- [What to produce] Return, word for word, only the lines of the data below that lie between the line with "Учебник подготовлен в" and the line with "Enjoy winter sports", those two lines included.

- [Available data]
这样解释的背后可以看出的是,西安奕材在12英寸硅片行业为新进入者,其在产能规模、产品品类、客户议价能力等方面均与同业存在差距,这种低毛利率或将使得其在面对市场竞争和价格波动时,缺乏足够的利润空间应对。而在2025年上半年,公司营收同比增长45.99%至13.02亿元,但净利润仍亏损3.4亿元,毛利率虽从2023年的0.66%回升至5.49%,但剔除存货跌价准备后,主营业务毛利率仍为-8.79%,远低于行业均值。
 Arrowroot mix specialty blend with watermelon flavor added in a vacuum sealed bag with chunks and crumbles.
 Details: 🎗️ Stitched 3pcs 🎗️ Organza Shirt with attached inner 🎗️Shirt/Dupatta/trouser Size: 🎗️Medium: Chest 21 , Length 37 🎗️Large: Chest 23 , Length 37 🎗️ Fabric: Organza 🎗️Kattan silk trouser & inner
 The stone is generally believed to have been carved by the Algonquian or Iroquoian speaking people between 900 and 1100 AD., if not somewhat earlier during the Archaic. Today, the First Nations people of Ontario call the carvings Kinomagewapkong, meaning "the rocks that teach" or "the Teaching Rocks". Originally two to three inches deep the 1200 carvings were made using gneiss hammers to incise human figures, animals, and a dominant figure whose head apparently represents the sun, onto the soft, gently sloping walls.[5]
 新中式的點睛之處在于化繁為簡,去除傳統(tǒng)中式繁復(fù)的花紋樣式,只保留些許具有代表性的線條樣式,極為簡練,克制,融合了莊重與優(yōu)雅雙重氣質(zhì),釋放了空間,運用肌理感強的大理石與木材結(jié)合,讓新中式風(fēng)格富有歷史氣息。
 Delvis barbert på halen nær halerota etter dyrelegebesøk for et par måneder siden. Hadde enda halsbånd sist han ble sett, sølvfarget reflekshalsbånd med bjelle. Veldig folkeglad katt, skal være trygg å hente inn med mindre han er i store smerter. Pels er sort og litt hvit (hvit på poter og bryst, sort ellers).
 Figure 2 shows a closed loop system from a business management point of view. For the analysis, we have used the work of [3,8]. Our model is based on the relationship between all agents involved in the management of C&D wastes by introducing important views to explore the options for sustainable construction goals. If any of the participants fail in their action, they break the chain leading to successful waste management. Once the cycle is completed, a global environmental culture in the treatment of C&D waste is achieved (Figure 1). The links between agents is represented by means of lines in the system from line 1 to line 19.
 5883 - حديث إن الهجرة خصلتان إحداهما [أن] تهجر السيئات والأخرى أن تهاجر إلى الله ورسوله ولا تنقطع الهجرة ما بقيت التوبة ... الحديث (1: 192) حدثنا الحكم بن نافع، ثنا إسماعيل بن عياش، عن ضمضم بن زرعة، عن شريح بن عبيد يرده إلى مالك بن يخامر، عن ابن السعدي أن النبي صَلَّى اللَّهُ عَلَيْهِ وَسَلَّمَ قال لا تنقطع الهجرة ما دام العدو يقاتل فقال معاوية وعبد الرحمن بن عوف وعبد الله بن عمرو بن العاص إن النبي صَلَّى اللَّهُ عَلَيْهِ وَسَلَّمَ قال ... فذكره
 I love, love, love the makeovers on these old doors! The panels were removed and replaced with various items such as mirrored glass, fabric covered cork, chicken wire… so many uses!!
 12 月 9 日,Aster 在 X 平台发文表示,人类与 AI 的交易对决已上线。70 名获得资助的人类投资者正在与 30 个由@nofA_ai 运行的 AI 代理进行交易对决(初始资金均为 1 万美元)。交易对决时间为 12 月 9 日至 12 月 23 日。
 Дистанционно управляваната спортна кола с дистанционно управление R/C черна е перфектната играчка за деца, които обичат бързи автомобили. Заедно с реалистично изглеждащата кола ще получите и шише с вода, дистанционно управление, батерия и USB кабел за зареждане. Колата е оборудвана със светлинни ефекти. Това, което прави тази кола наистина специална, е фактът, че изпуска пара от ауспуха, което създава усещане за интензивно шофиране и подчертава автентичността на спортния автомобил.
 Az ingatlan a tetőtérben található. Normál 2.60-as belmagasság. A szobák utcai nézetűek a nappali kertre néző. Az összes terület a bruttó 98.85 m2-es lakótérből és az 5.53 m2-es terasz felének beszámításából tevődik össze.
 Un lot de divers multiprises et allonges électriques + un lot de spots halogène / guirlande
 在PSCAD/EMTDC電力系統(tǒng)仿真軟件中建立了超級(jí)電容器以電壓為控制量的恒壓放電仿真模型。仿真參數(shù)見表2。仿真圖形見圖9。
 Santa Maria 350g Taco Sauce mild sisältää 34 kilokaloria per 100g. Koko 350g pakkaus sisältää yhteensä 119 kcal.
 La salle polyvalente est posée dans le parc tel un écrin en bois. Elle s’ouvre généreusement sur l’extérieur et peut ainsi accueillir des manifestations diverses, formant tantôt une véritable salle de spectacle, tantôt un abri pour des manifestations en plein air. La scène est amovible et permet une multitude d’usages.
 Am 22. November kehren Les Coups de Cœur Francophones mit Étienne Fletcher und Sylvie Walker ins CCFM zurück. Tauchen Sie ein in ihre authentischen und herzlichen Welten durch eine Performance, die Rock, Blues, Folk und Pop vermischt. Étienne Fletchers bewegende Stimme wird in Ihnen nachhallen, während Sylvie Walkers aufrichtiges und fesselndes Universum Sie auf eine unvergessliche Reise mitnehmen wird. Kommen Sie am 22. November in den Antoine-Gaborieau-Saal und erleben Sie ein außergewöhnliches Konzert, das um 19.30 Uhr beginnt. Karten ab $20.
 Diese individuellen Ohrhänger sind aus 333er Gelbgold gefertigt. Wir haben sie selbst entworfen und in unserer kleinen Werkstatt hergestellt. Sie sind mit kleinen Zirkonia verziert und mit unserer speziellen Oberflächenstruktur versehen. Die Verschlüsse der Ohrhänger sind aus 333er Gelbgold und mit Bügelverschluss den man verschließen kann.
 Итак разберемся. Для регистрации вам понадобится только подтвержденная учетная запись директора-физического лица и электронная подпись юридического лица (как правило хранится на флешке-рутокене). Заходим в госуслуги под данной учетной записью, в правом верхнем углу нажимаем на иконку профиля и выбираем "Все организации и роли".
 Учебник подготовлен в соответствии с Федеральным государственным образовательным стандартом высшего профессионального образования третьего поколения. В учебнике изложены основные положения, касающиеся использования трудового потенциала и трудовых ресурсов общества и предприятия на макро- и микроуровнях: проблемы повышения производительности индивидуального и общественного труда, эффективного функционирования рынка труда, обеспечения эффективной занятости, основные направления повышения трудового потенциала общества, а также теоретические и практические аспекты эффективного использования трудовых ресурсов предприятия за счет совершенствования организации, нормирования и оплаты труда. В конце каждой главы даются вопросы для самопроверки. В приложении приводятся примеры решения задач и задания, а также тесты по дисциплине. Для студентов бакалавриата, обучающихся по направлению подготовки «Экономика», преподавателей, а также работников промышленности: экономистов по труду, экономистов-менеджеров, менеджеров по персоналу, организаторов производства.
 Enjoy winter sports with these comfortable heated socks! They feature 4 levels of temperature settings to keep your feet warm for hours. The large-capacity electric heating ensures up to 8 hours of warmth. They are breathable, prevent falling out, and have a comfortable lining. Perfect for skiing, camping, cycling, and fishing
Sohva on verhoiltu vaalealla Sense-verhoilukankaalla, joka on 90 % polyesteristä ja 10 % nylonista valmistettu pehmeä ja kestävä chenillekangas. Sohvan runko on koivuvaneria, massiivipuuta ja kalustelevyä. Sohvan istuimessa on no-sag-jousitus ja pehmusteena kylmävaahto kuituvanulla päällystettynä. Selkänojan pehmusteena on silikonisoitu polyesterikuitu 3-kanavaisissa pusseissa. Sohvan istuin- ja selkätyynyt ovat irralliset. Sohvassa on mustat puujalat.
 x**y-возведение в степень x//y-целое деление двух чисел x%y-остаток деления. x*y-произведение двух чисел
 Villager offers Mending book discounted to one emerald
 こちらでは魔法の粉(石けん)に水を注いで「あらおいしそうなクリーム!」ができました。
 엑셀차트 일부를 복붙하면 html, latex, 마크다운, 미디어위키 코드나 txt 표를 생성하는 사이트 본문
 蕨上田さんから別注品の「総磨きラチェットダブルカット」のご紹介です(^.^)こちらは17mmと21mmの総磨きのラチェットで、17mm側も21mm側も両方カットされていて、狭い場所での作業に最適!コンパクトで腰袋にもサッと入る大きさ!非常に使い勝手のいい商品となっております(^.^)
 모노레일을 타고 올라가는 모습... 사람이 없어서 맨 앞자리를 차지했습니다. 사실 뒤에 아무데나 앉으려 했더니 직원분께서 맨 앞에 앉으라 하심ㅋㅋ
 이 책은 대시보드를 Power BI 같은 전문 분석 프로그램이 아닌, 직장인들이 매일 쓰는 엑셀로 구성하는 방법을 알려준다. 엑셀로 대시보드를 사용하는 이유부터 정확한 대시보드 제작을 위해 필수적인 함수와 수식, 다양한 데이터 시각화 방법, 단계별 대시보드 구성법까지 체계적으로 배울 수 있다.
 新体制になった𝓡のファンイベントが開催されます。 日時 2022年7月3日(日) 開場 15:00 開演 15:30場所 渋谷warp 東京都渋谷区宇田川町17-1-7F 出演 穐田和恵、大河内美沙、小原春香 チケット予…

- [Task answer]
 Учебник подготовлен в соответствии с Федеральным государственным образовательным стандартом высшего профессионального образования третьего поколения. В учебнике изложены основные положения, касающиеся использования трудового потенциала и трудовых ресурсов общества и предприятия на макро- и микроуровнях: проблемы повышения производительности индивидуального и общественного труда, эффективного функционирования рынка труда, обеспечения эффективной занятости, основные направления повышения трудового потенциала общества, а также теоретические и практические аспекты эффективного использования трудовых ресурсов предприятия за счет совершенствования организации, нормирования и оплаты труда. В конце каждой главы даются вопросы для самопроверки. В приложении приводятся примеры решения задач и задания, а также тесты по дисциплине. Для студентов бакалавриата, обучающихся по направлению подготовки «Экономика», преподавателей, а также работников промышленности: экономистов по труду, экономистов-менеджеров, менеджеров по персоналу, организаторов производства.
 Enjoy winter sports with these comfortable heated socks! They feature 4 levels of temperature settings to keep your feet warm for hours. The large-capacity electric heating ensures up to 8 hours of warmth. They are breathable, prevent falling out, and have a comfortable lining. Perfect for skiing, camping, cycling, and fishing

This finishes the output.